I need a way to implement exponential of a matrix so that I can create a gate that is analogous to rotation using that matrix, similar to how rotation in the $$x$$ axis uses the Pauli-$$X$$ gate. This is one of the matrices that I want to implement the exponential.

$$A = \frac{1}{2\sqrt{2}}\begin{pmatrix} 0 & 1 & 1 & 0\\ 1 & 0 & 0 & 1\\ 1 & 0 & 0 & 1\\ 0 & 1 & 1 & 0 \end{pmatrix}$$

I want to to make a circuit that computes $$e^{i \phi A}$$

Hamiltonian needs to be Hermitian not unitary. Matrix $$A$$ is Hermitian so it can be exponentiated using the classes in qiskit's opflow.

Note that, your matrix can be written as $$A = \frac{1}{2\sqrt{2}}(I \otimes X + X \otimes I)$$

So the following circuit computes $$e^{-i \phi A}$$

from qiskit.opflow import I, X
from qiskit.opflow import PauliTrotterEvolution, Suzuki
from qiskit.circuit import Parameter
from numpy import sqrt

_const = 1 / (2 * sqrt(2))
A = _const * (I ^ X) + _const * (X ^ I)

phi = Parameter('ϕ')

evolution_op = (phi * A).exp_i() # exp(-iϕA)

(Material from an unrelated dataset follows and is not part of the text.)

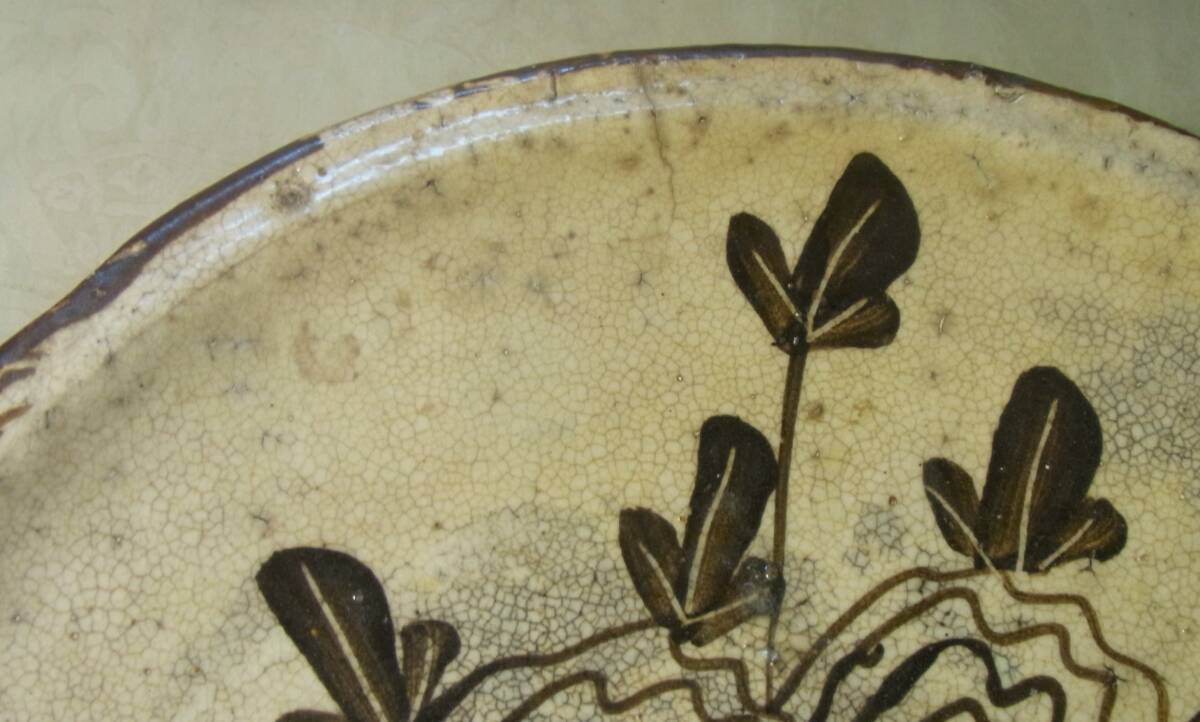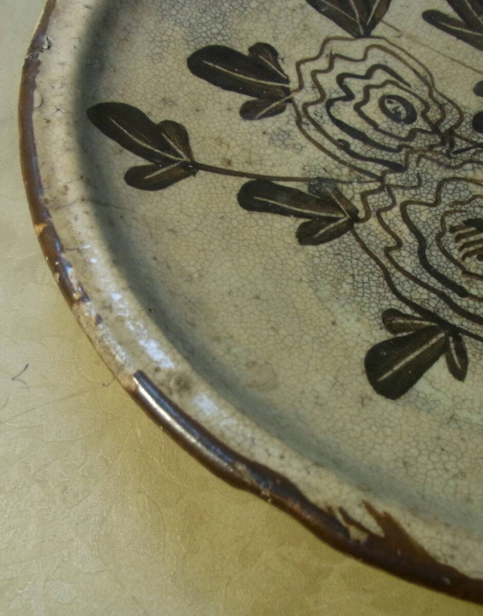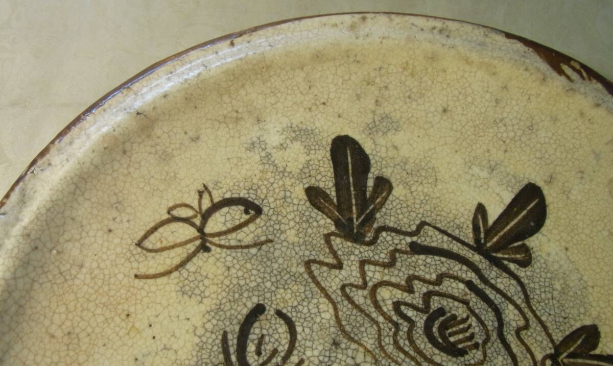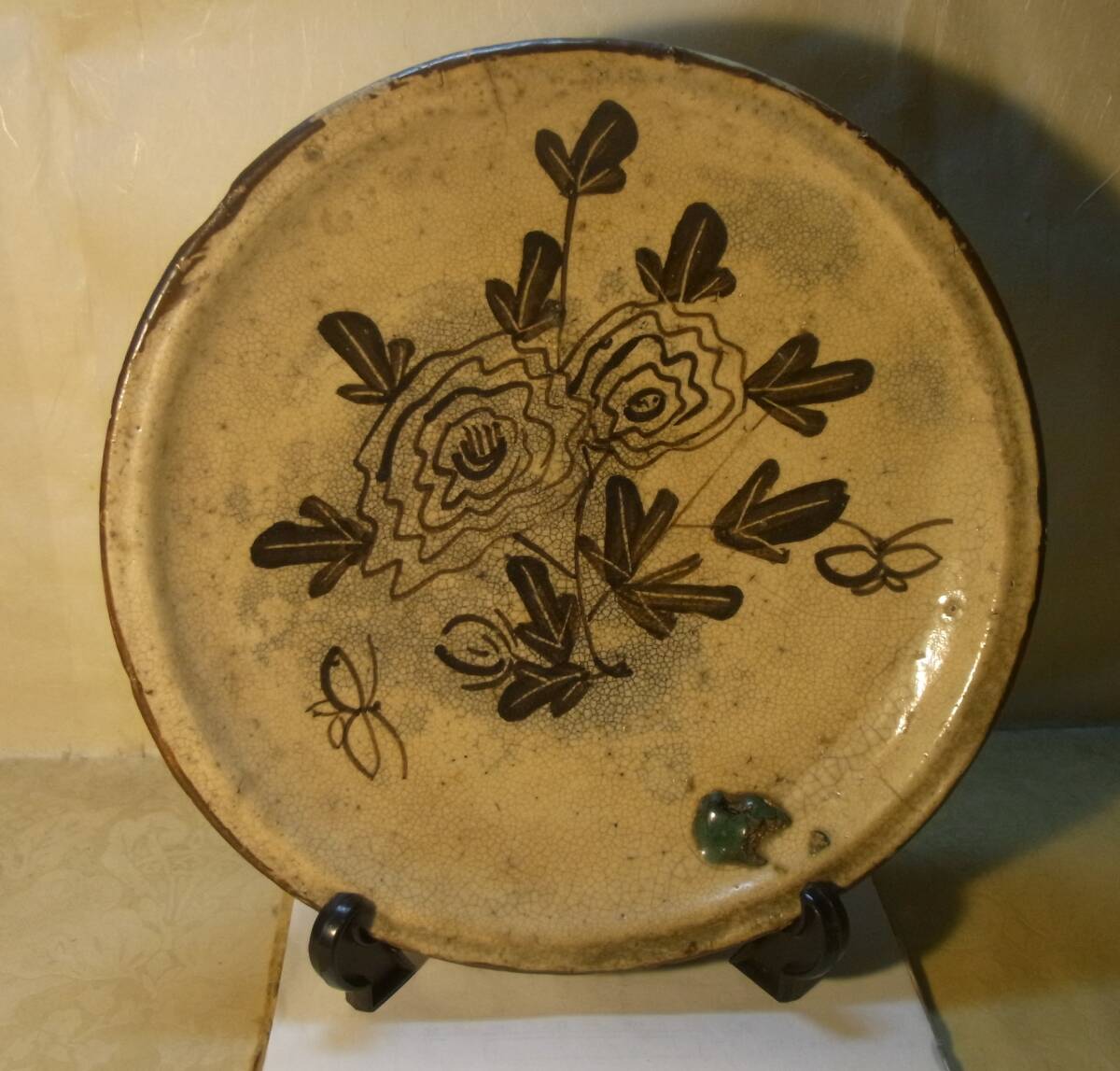 大きさは、径25センチ、高さ4センチです。表面にモダンな図柄の花柄や、蝶などが描かれた素晴らしい絵皿です。なお、古いものですので、縁の所に、2か所、細いニューがあり、また、表面に緑釉の塊りのひっつき、そして、裏側には、制作時のものと思われる釉カケのような跡があります。従って、全体の状態などは、画像から判断してください。皿立ては付いていません!

trotterized_op = PauliTrotterEvolution(trotter_mode = Suzuki(order = 1)).convert(evolution_op)
circ = trotterized_op.to_circuit()
circ.draw('mpl')


• Sorry, in the question I meant hermitian, not hamiltonian. I'll try this solution, it looks like it'll work. Commented Feb 14, 2022 at 12:21

Or, if you have the actual matrix representation you can do

from qiskit.circuit import QuantumCircuit

phi = # some numerical value